(Records contained in a dataset)
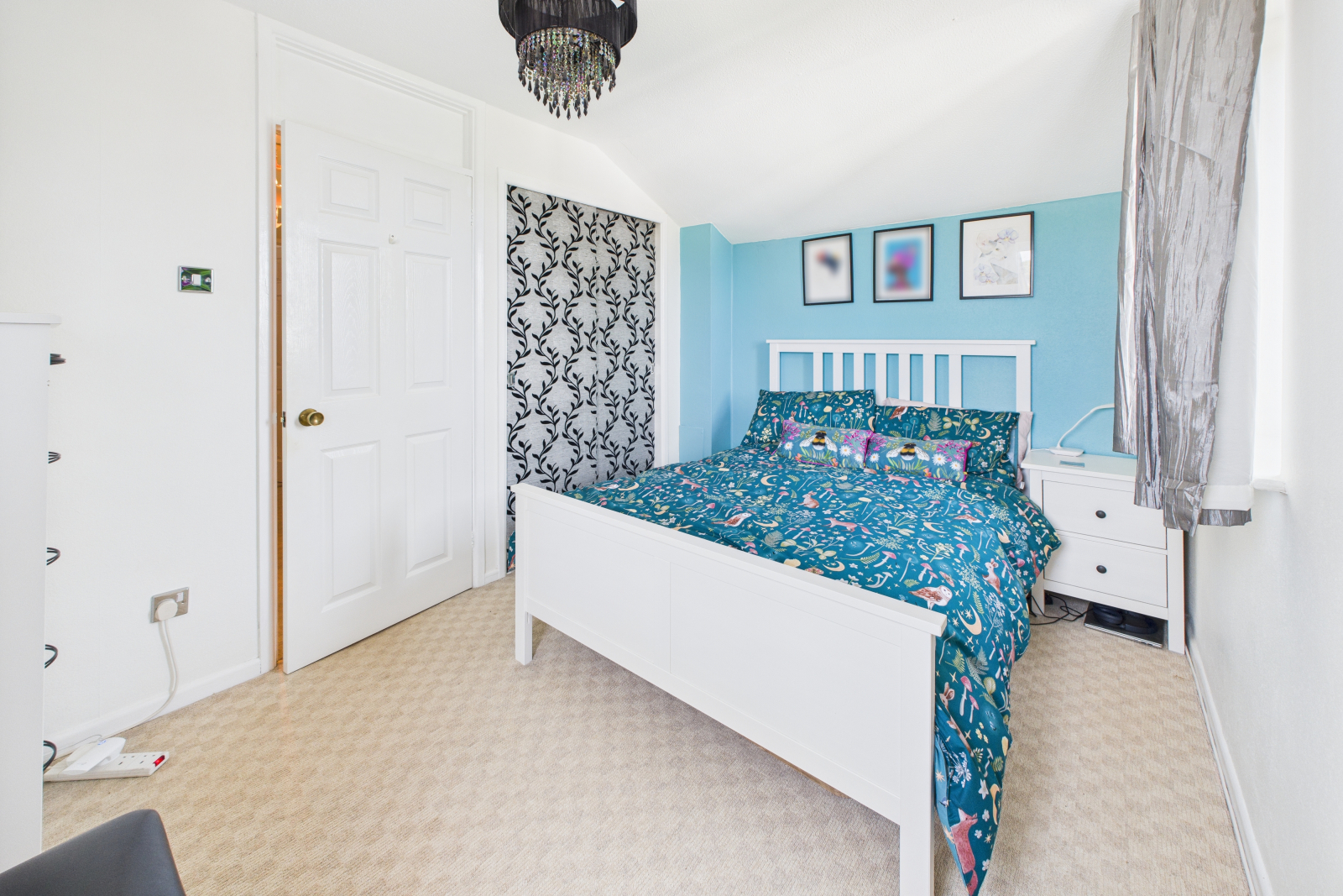 Ground Floor Bedroom 8'9'' x 11'10''A generously sized double bedroom with UPVC double-glazed windows to both the front and side, flooding the space with natural light. Complete with fitted wardrobes, central pendant lighting, carpeted flooring, and power points.
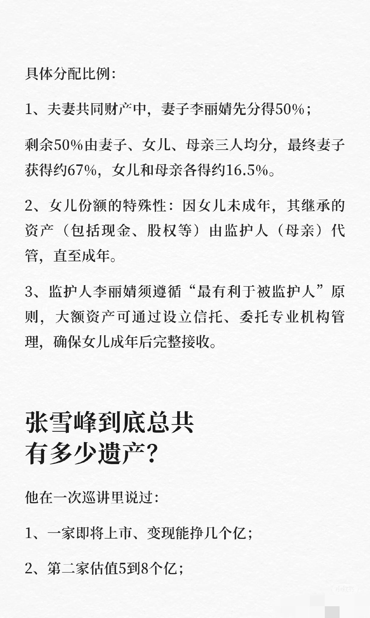 张雪峰先生的遗产规模确实令人瞩目。近日有律师从专业角度分析了其妻子与女儿在遗产分配中可能获得的份额,分析过程逻辑清晰、有理有据,内容颇具参考价值。
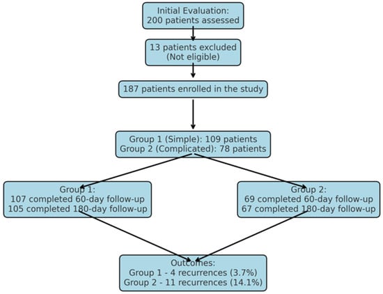 In the complicated group, 78 patients were initially enrolled; however, 69 of them attended the follow-up at day 60, and 67 completed the final follow-up at day 180. Similarly, in the simple group, out of 109 patients, 107 completed the 60-day evaluation, and 105 reached the 180-day follow-up. The loss of participants in both groups was attributed to patients who failed to complete their scheduled follow-up visits.
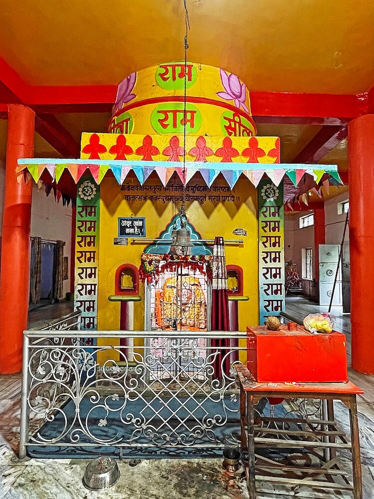 सभामंडपात मध्यभागी हनुमानाचे मुख्य गर्भगृह आहे. या गर्भगृहाच्या एका भिंतीवर पादुकांचे चित्र आहे. गर्भगृहात वज्रपिठावर असलेल्या हनुमानाच्या शेंदूरचर्चित मूर्तीवर मुखवटा आहे. या गर्भगृहाच्या समोर रामदरबार आहे. त्यात श्रीराम, सीता व लक्ष्मण यांच्या संगमरवरी मूर्ती आहेत. याशिवाय श्रीराम लक्ष्मण व सीता यांच्या धातूच्या मूर्तीही येथे आहेत. उत्सवप्रसंगी त्या पालखीत ठेवल्या जातात. मंदिरात राधा-कृष्णाचेही मंदिर आहे. या मंदिराच्या परिसरात येथे तपस्या करणाऱ्या मौनीबाबा महाराज, सूर्यानंद पुरी महाराज आदींच्या मूर्तीही आहेत. या मंदिराच्या छतावर एकूण पाच शिखरे आहेत. मंदिराच्या परिसरात असलेल्या पाकशाळेजवळ एक जुने जाते आहे. या जात्यावर आजही धान्य दळले जाते. त्याचा उपयोग मंदिरात नैवद्य बनवण्यासाठी केला जातो.
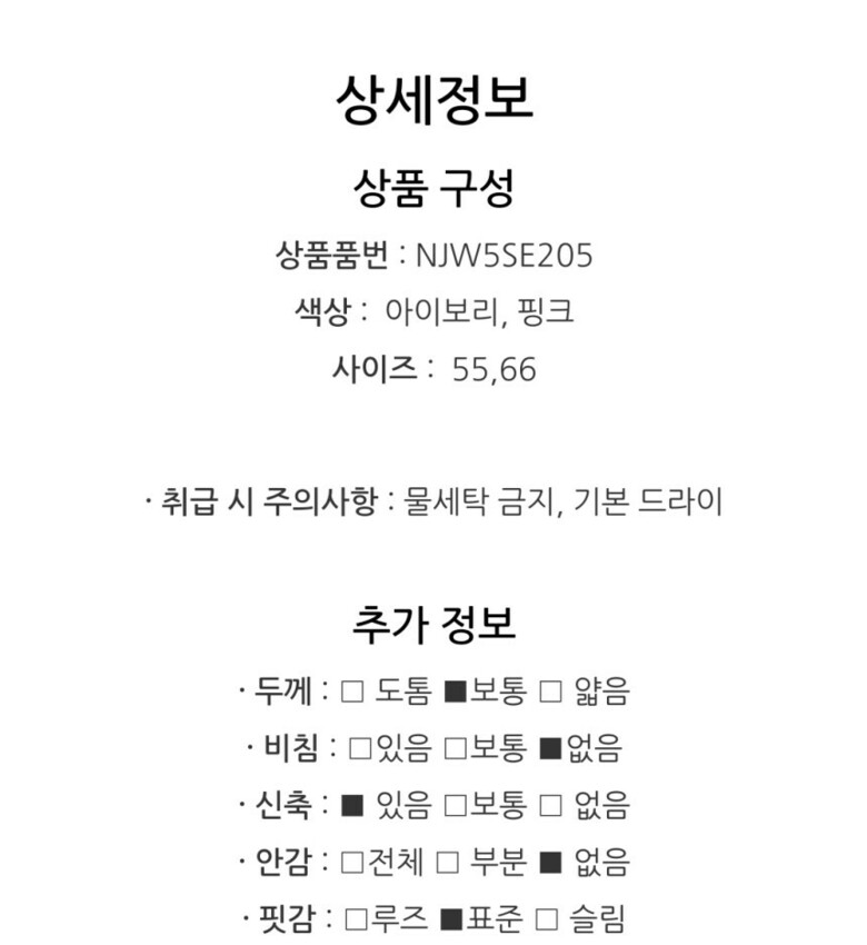 | 6. 세탁방법 및 취급시 주의사항 | 상품상세참조 |
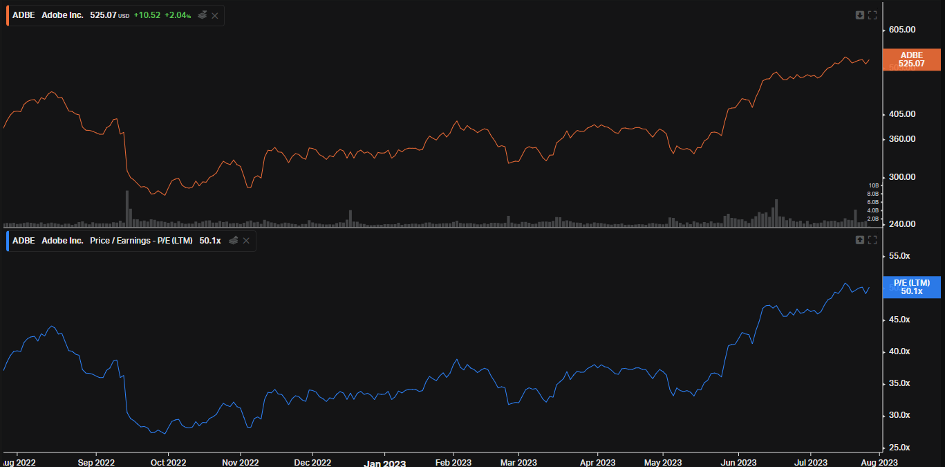 On a more granular timeframe, however, the story is different. Adobe stock is trading more expensively than it has been at any point over the last year. This makes sense given that the stock is appreciating in advance of fundamental improvements.

• WHAT IS REQUIRED:
Output the lines, exactly: the first line of the entries above, every line after it, and the line with "张雪峰先生的遗产规模确实令人" as the last. No pictures.

• YOUR SOLUTION:
 Ground Floor Bedroom 8'9'' x 11'10''A generously sized double bedroom with UPVC double-glazed windows to both the front and side, flooding the space with natural light. Complete with fitted wardrobes, central pendant lighting, carpeted flooring, and power points.
 张雪峰先生的遗产规模确实令人瞩目。近日有律师从专业角度分析了其妻子与女儿在遗产分配中可能获得的份额,分析过程逻辑清晰、有理有据,内容颇具参考价值。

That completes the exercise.